Bob: Great. Which one's the most standard?  What should I use?

Alice: Well I guess it depends what you mean by standard.
[skips digression about whatwg and w3c etc notions of standards process]
[skips digression about XHTML vs XML-ish polyglot HTML vs resolutely
non-XML HTML5 flavours]
[skips digression about qnames in HTML and RDFa 1.1 versus 1.0]

...you might care to look at using basic HTML5 document with say the
Lite version of RDFa 1.1 (which is pretty much finished but not an
official stable standard yet at W3C)

Bob: [makes a note]. Ok, but that's just the human-facing page,
anyway. We'd put up RDF/XML for machines too, right? Well maybe that's
not necessary I guess. I was reading something about GRDDL and XSLT
that automates the conversion, ... should we maybe generate the
RDF/XML from the HTML+RDFa or vice versa? or just have some php hack
generate both from MySQL since that's where the stuff ultimately lives
right now anyway...?

Alice: Um, well it's pretty much your choice. Do you need RDF/XML too?
Well..... maybe, not sure... it depends. There are more RDF/XML
parsers around, they're more mature, ... but increasingly tools will
consume all kinds of data as RDF. So it might not matter. Depends why
you're doing this, really.

Bob: Er ok, maybe we ought to do both for now, ... belt-and-braces,
... maybe watch the stats and see what's being picked up? I'm doing
this because of promise of interestingly unexpected re-use and so on,
which makes details hard to predict by definition.

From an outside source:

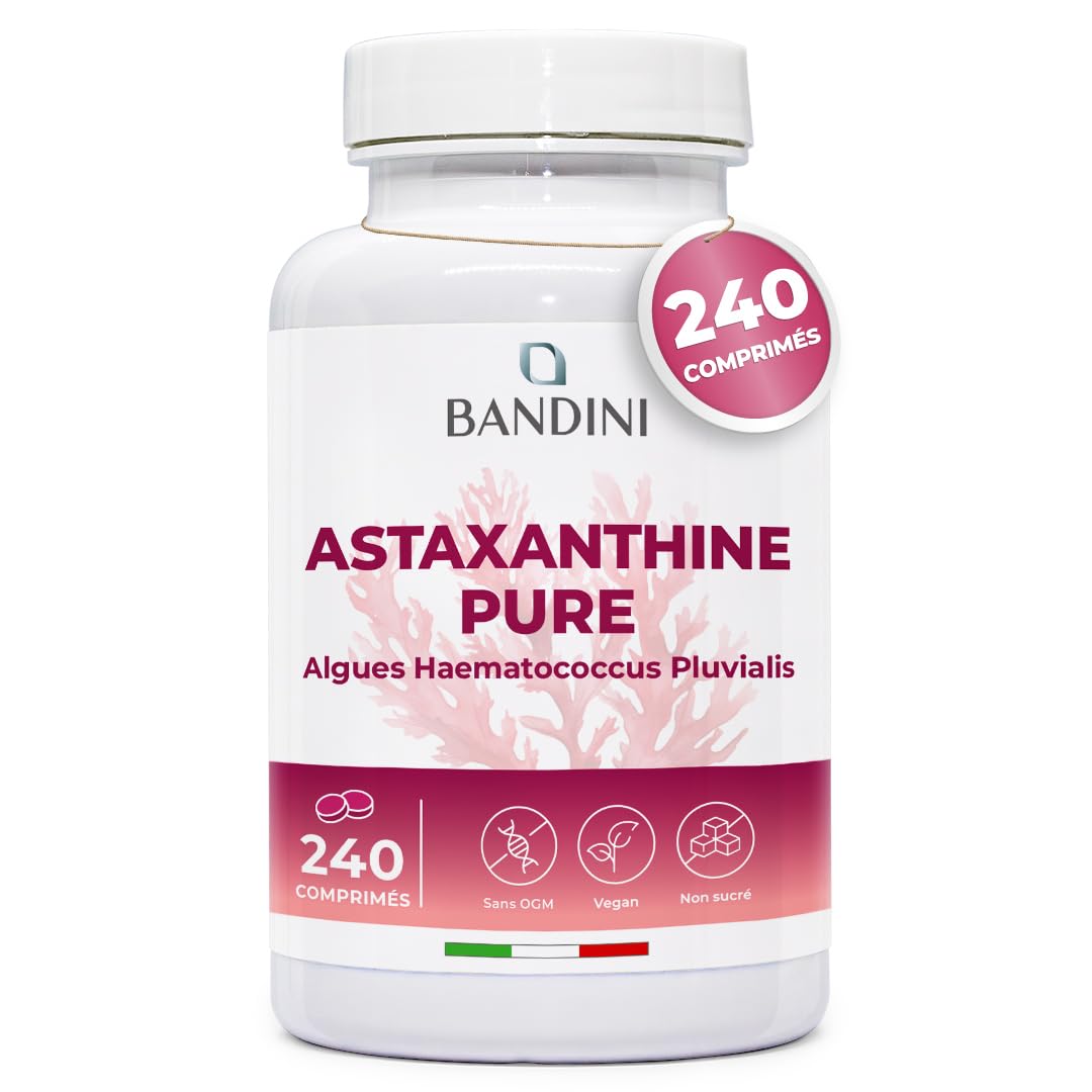 CERTIFIED PRODUCTS. Bandini Pharma is an Italian company that offers innovative, high-quality health and wellness products in a dynamic and professional manner. Our products are manufactured in our GMP-certified laboratory, UNI EN ISO 9001:2015 and ISO 22000:2018. The Bandini Pharma line, entirely made in Italy, includes a wide range of products with excellent value for money. TESTED QUALITY. Our pure vegan astaxanthin formula is naturally derived from the Haematococcus pluvialis algae and is created through a meticulous selection of raw materials. Our dietary supplements are high-quality, vegan, GMO-free, and produced without unwanted additives, colorings, or preservatives. All our supplements contain no ingredients of animal origin. We guarantee the highest level of safety and quality for all our products. HOW TO USE IT. The beneficial effect is obtained by taking one tablet daily, which provides 8 mg of astaxanthin, a very powerful antioxidant. Our tablets are an alternative to softgels, are very easy to swallow, and have no unpleasant taste or aroma. Packaging may vary. A PURE ANTIOXIDANT. Astaxanthin is a powerful and effective antioxidant belonging to the carotenoid family. Pure formula, free of additives and preservatives, vegan, high-dose, and highly bioavailable. Our powerful antioxidant formula is ideal for people with a very active lifestyle. HIGH QUALITY, HIGH DOSAGE. Our astaxanthin formula is high-dose, with 8 mg per tablet, ensuring an 8-month supply, thanks to the 240-tablet pack. Our pure astaxanthin is extracted from the marine microalga Haematococcus Pluvialis. In nature, this algae has an intense ruby ??red color and gives a pink tint to the animals that feed on it.PRODUITS CERTIFIÉS. Bandini Pharma est une entreprise italienne qui propose des produits innovants et de haute qualité pour la santé et le bien-être des personnes, de manière dynamique et professionnelle : nos produits sont fabriqués dans notre laboratoire certifié GMP, UNI EN ISO 9001:2015 et ISO 22000:2018. La ligne Bandini Pharma, entièrement fabriquée en Italie, comprend une large gamme de produits avec un excellent rapport qualité-prix. QUALITÉ TESTÉE. Notre formule végétalienne d'astaxanthine pure est naturellement dérivée de l'algue Haematococcus pluvialis et est créée grâce à une sélection minutieuse des matières premières. Nos compléments alimentaires sont de haute qualité, végétaliens, sans OGM et produits sans additifs, colorants ou conservateurs indésirables. Tous nos compléments ne contiennent aucun ingrédient d'origine animale. Nous garantissons le plus haut niveau de sécurité et de qualité pour tous nos produits. COMMENT L'UTILISER. L'effet bénéfique est obtenu en prenant un comprimé par jour, qui fournit 8 mg d'astaxanthine, un antioxydant très puissant. Nos comprimés sont une alternative au format softgel, sont très faciles à avaler et n'ont pas de goût ou d'arôme désagréable. L'emballage peut varier. UN ANTIOXYDANT PUR. L'astaxanthine est un antioxydant puissant et efficace appartenant à la famille des caroténoïdes. Formule pure, sans additifs ni conservateurs, végétalienne, fortement dosée et à haute biodisponibilité. Notre formule antioxydante puissante est idéale pour les personnes ayant un mode de vie très actif. HAUTE QUALITÉ, DOSAGE ÉLEVÉ. Notre formule d'astaxanthine est à haute dose, avec 8 mg par comprimé, assurant un approvisionnement de 8 mois, grâce au format contenant 240 comprimés. Notre astaxanthine pure est extraite de la microalgue marine Haematococcus Pluvialis. Dans la nature, cette algue a une couleur rouge rubis intense et donne une teinte rose aux animaux qui s'en nourrissent.Bandini Astaxanthine 240 comprimés (8 mois) Pure 8 mg d'Algue Marine Haematococcus Pluvialis Concentration Biodisponibilité Élevées Antioxydant naturel puissant Sans Additifs, 100 vegan

Alice: Sounds like a plan. Ok, so each node in your RDF graph, ...
we'll need to give it a URI. You know that's like the new word for
URL,
but that includes identifiers for real world things too.

Bob: Sure sure, I read that. Makes sense. And I can have a URI, my
homepage can have a URI, I'm not my home page blah-de-blah?

Alice: You got it.

Bob: Ok, so what URLs should I give the concepts in this thesaurus?
They've got all kinds of strings attached, but we've also got nicely
managed numeric IDs too.

Alice: Right so maybe something short (URls can never be too
short...), ... so maybe if you host at your example.org server,
http://example.com/demothes/c1  then same but /c2 /c3 etc.

... or well you could use #c1 or #c2 etc. That's pretty much up to
you. There are pros-and-cons in both directions.

Bob: whatever's easiest. It's a pretty plain apache2 setup, with php
if we want it, or we can batch create files if that makes more sense;
this data doesn't change much.

Alice: Well how big is the thesaurus...?

Bob: a couple thousand terms, each with a few relations and bits of
text; maybe more if we dig out the translations (humm should we
language negotiate those somehow?)

Alice: Let's talk about that another day, maybe?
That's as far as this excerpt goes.